I know, it’s a long title, but I wanted to lay it out in its proper sequence so you know what I’m getting at. It has to do with my work place, an indecent that took place there in which a probable cause was made based only on an assumption of an alleged crime from what could be a mistake. A large order was made, it was sent to us by a shipper, and we received it and discovered that it was missing a substantial amount of units. Three employees counted the shipment and agreed that the amount that was requested, counted and sent via the packing slip was incorrect.
Next, the manager placed a call to the vendor telling them of the shortage. Usually in these types of cases, depending upon small amounts of missing pieces, both parties just accept the loss and usually the vendor rights it off and gives credit. However, in this case the loss was significant, and the vendor claims that the shipment was double checked because previous shipments had shown inconsistencies with quantities in the past. So, the poor manager now has a dilemma on his hands.

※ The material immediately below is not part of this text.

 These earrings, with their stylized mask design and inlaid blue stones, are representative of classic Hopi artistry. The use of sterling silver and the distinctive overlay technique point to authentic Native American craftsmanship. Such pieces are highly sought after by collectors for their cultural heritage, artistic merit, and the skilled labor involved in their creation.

Because the cost of the shortage is significant, and both side stand firmly in their duties and actions according to the agreement, a series of events now unfold. Behind the scenes, the decision must be made on how to reconcile it. This means that three outcomes are possible:
- Forget that it occured and just accept the loss, however, change the method of receiving product and put in place mechanisms that would catch discrepancies in the future.
- Demand the remaining pieces and threaten with a legal action.

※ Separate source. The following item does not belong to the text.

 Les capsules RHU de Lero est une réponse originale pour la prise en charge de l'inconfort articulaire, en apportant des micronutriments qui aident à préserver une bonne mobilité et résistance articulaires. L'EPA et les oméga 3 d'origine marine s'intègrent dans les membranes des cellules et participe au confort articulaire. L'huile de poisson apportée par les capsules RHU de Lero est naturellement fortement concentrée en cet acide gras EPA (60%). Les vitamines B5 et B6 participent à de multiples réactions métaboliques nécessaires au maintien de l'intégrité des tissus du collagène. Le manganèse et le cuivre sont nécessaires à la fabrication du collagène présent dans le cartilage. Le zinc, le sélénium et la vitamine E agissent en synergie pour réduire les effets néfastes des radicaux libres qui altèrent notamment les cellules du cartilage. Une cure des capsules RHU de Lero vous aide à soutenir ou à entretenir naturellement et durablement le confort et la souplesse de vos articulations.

- Mitigate the loss, rewrite the agreement and change the procedure of ordering product from that vendor.
The first knee-jerk reaction by the manager was to talk to the employees, an informal investigation. Then, once that was completed, setting up changes in order to deter future situations from occuring again, or at least mitigate them. The thought proposed solution is to consider installing Closed Circuit Cameras to monitor the shiping and receiving area 24/7. Next, to immediately start bag searches of all employees when leaving the premises.
Although these are band-aid solutions to age old problems, the mark left on the staff maybe marked more than the crime itself. The issue of trust now comes into play. For the employer, who just suffered a huge loss, now has to reconcile it by taking preventative measures to avoid such possible situations from occuring in the future, or at least be reassured that the mistakes/thefts will not occur within the company. For the employees, they are now faced with the possibility that the watchful gaze of the employer now monitors them, every waking hour while on the job.
For me, I wonder what is worse, the crime itself, or the control to prevent the crime?